Какое отношение имеет ARMA / ARIMA к моделированию смешанных эффектов?

14

При анализе панельных данных я использовал многоуровневые модели со случайными / смешанными эффектами для решения проблем автокорреляции (т. Е. Наблюдения сгруппированы внутри отдельных лиц во времени) с другими параметрами, добавленными для корректировки некоторой спецификации времени и шоков интереса. , ARMA / ARIMA, похоже, предназначены для решения подобных проблем.

Ресурсы, которые я нашел в Интернете, обсуждают либо временные ряды (ARMA / ARIMA), либо модели смешанных эффектов, но помимо того, что они основаны на регрессии, я не понимаю взаимосвязи между ними. Можно ли использовать ARMA / ARIMA из многоуровневой модели? Есть ли смысл в том, что эти два эквивалента или избыточны?

Ответы или ссылки на ресурсы, которые обсуждают это, было бы замечательно.

Бенджамин Мако Хилл
источник

Ответы:

11

Я думаю, что самый простой способ взглянуть на это состоит в том, чтобы заметить, что ARMA и подобные модели предназначены для того, чтобы делать разные вещи, чем многоуровневые модели, и использовать разные данные.

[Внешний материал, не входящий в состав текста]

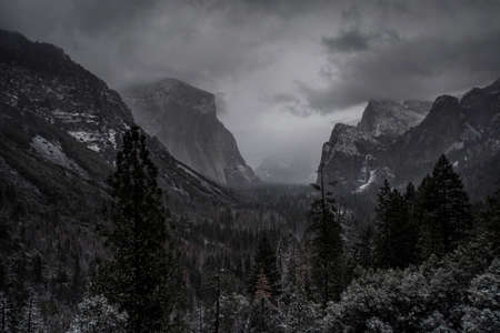 Yosemite Valley during cloudy day in winter.

Анализ временных рядов обычно имеет длинные временные ряды (возможно, сотни или даже тысячи временных точек), и основная цель состоит в том, чтобы посмотреть, как меняется одна переменная во времени. Существуют сложные методы решения многих проблем - не только автокорреляции, но и сезонности, других периодических изменений и так далее.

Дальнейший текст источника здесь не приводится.